What is expected —
Would you print the data below exactly, leaving out every picture?

Items listed in a dataset
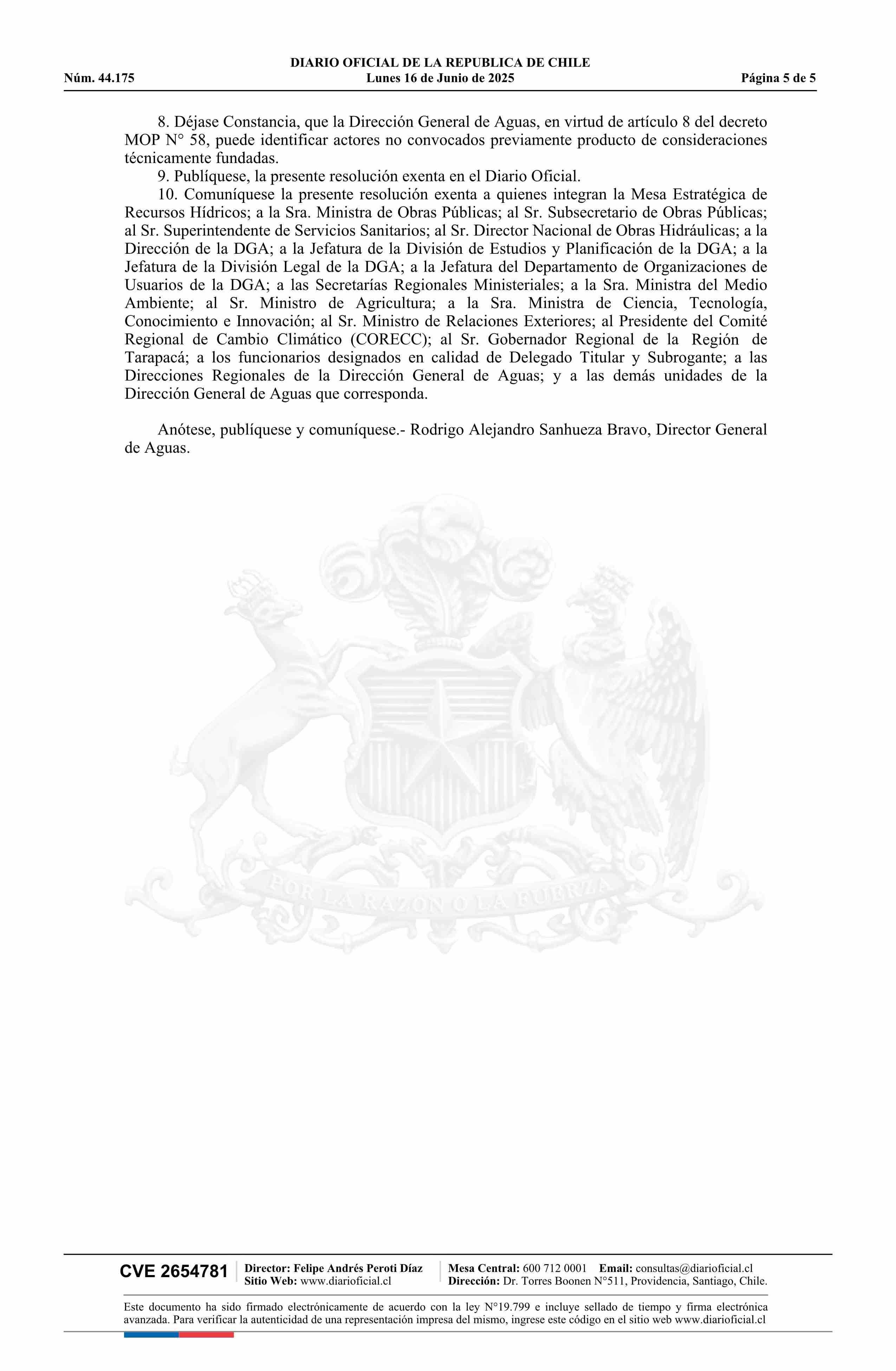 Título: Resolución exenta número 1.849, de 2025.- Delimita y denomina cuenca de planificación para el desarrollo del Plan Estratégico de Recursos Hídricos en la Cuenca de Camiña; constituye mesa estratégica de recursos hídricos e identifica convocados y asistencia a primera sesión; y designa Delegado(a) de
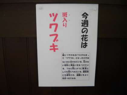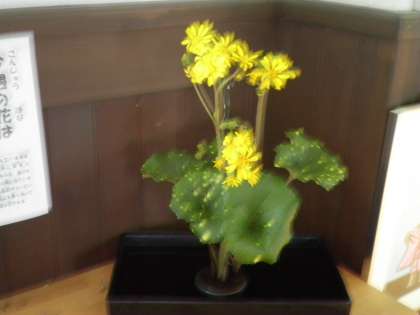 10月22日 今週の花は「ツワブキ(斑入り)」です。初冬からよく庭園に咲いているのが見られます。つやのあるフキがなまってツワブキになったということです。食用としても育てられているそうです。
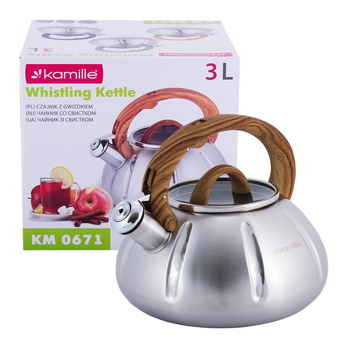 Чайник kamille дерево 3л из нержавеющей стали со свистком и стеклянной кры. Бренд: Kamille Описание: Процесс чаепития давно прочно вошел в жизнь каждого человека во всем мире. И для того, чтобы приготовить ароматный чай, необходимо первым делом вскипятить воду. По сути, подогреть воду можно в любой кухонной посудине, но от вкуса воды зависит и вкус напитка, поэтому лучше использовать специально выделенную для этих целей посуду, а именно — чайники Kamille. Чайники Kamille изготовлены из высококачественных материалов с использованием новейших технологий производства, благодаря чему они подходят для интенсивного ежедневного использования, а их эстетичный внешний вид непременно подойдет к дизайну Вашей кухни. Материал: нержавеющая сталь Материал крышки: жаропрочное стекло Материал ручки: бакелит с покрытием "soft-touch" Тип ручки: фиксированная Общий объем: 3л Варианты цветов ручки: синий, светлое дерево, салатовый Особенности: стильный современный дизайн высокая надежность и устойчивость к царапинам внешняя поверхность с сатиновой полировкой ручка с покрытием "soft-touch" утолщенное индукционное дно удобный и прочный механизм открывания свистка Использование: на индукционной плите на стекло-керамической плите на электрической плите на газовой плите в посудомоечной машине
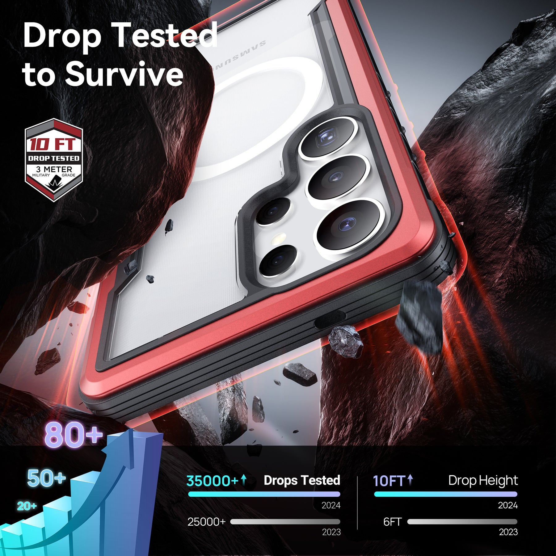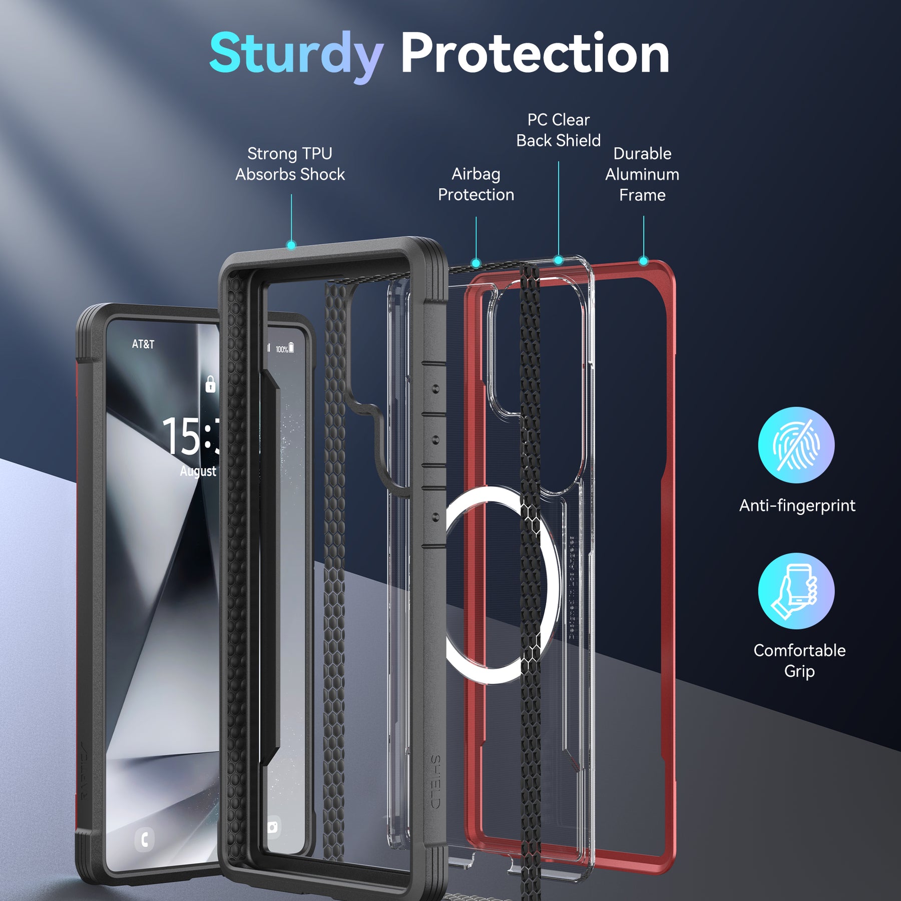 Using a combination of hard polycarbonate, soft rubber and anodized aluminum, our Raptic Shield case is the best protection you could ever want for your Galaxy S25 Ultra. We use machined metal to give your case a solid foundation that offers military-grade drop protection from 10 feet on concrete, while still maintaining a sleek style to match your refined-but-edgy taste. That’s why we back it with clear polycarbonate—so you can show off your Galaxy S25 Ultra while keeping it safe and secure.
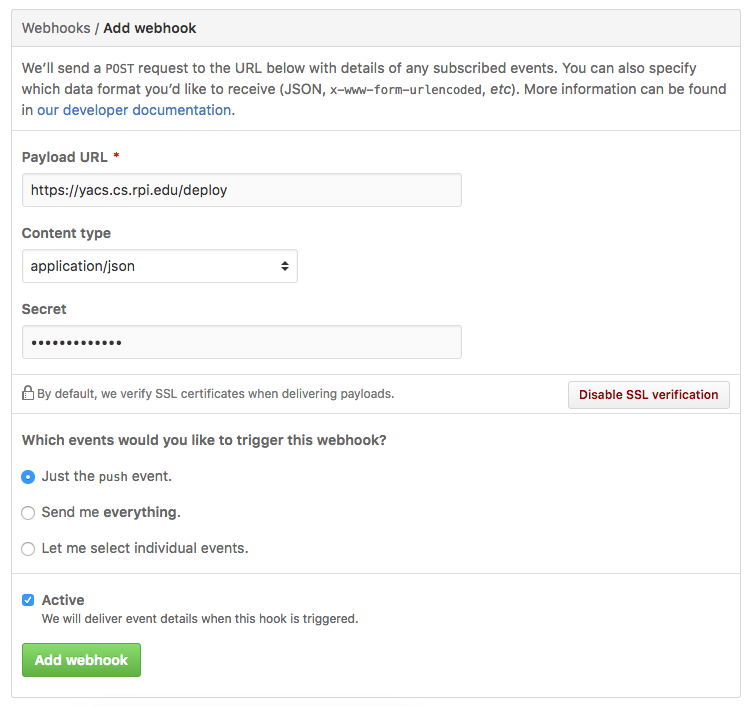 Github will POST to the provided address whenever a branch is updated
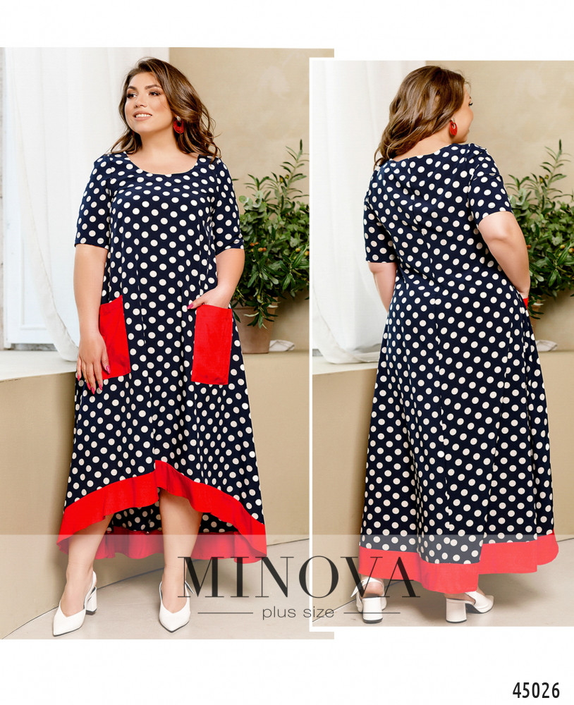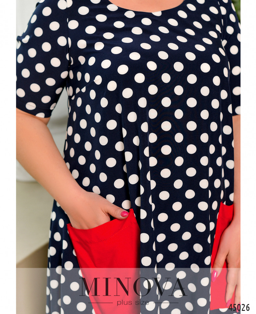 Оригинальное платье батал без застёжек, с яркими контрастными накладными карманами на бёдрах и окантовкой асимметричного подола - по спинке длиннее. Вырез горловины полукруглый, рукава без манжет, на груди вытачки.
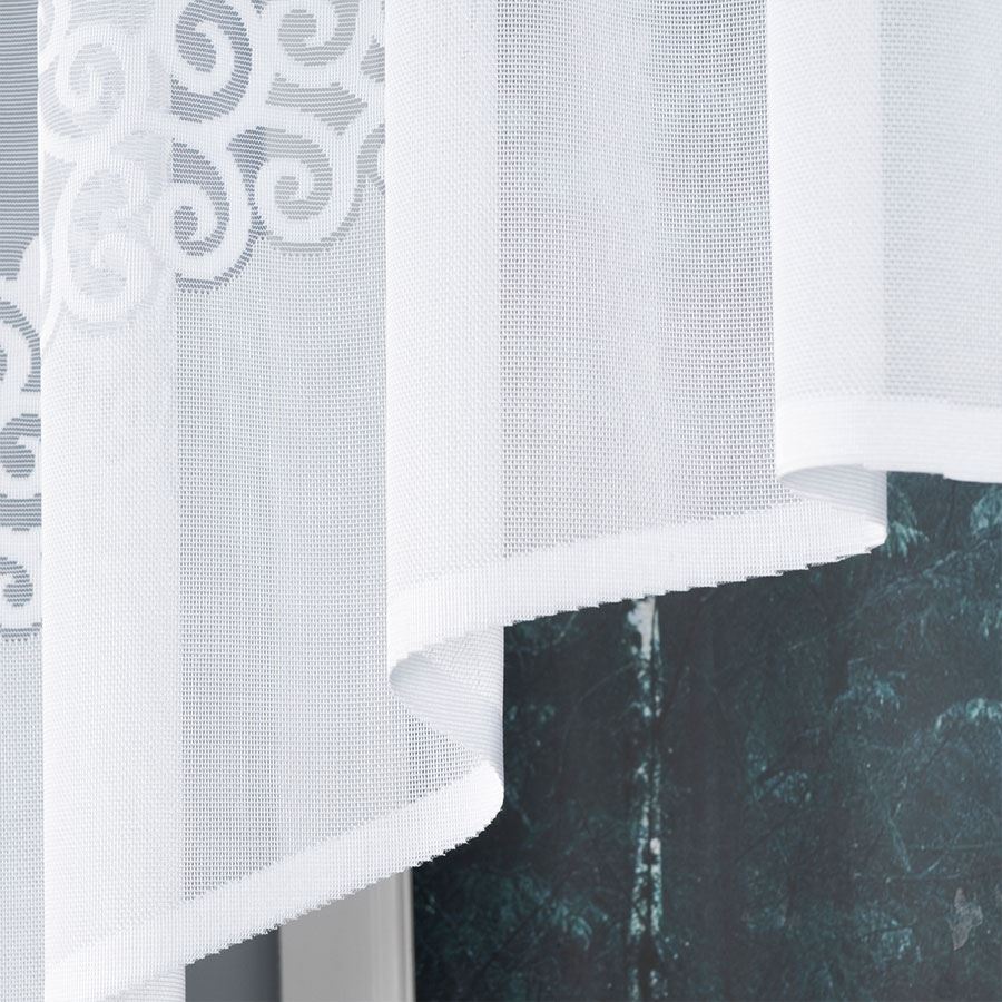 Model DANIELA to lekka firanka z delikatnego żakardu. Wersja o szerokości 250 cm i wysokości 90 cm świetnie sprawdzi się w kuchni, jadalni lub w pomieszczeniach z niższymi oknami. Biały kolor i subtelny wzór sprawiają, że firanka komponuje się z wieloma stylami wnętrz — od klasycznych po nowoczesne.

Answer area —
 Título: Resolución exenta número 1.849, de 2025.- Delimita y denomina cuenca de planificación para el desarrollo del Plan Estratégico de Recursos Hídricos en la Cuenca de Camiña; constituye mesa estratégica de recursos hídricos e identifica convocados y asistencia a primera sesión; y designa Delegado(a) de
 10月22日 今週の花は「ツワブキ(斑入り)」です。初冬からよく庭園に咲いているのが見られます。つやのあるフキがなまってツワブキになったということです。食用としても育てられているそうです。
 Чайник kamille дерево 3л из нержавеющей стали со свистком и стеклянной кры. Бренд: Kamille Описание: Процесс чаепития давно прочно вошел в жизнь каждого человека во всем мире. И для того, чтобы приготовить ароматный чай, необходимо первым делом вскипятить воду. По сути, подогреть воду можно в любой кухонной посудине, но от вкуса воды зависит и вкус напитка, поэтому лучше использовать специально выделенную для этих целей посуду, а именно — чайники Kamille. Чайники Kamille изготовлены из высококачественных материалов с использованием новейших технологий производства, благодаря чему они подходят для интенсивного ежедневного использования, а их эстетичный внешний вид непременно подойдет к дизайну Вашей кухни. Материал: нержавеющая сталь Материал крышки: жаропрочное стекло Материал ручки: бакелит с покрытием "soft-touch" Тип ручки: фиксированная Общий объем: 3л Варианты цветов ручки: синий, светлое дерево, салатовый Особенности: стильный современный дизайн высокая надежность и устойчивость к царапинам внешняя поверхность с сатиновой полировкой ручка с покрытием "soft-touch" утолщенное индукционное дно удобный и прочный механизм открывания свистка Использование: на индукционной плите на стекло-керамической плите на электрической плите на газовой плите в посудомоечной машине
 Using a combination of hard polycarbonate, soft rubber and anodized aluminum, our Raptic Shield case is the best protection you could ever want for your Galaxy S25 Ultra. We use machined metal to give your case a solid foundation that offers military-grade drop protection from 10 feet on concrete, while still maintaining a sleek style to match your refined-but-edgy taste. That’s why we back it with clear polycarbonate—so you can show off your Galaxy S25 Ultra while keeping it safe and secure.
 Github will POST to the provided address whenever a branch is updated
 Оригинальное платье батал без застёжек, с яркими контрастными накладными карманами на бёдрах и окантовкой асимметричного подола - по спинке длиннее. Вырез горловины полукруглый, рукава без манжет, на груди вытачки.
 Model DANIELA to lekka firanka z delikatnego żakardu. Wersja o szerokości 250 cm i wysokości 90 cm świetnie sprawdzi się w kuchni, jadalni lub w pomieszczeniach z niższymi oknami. Biały kolor i subtelny wzór sprawiają, że firanka komponuje się z wieloma stylami wnętrz — od klasycznych po nowoczesne.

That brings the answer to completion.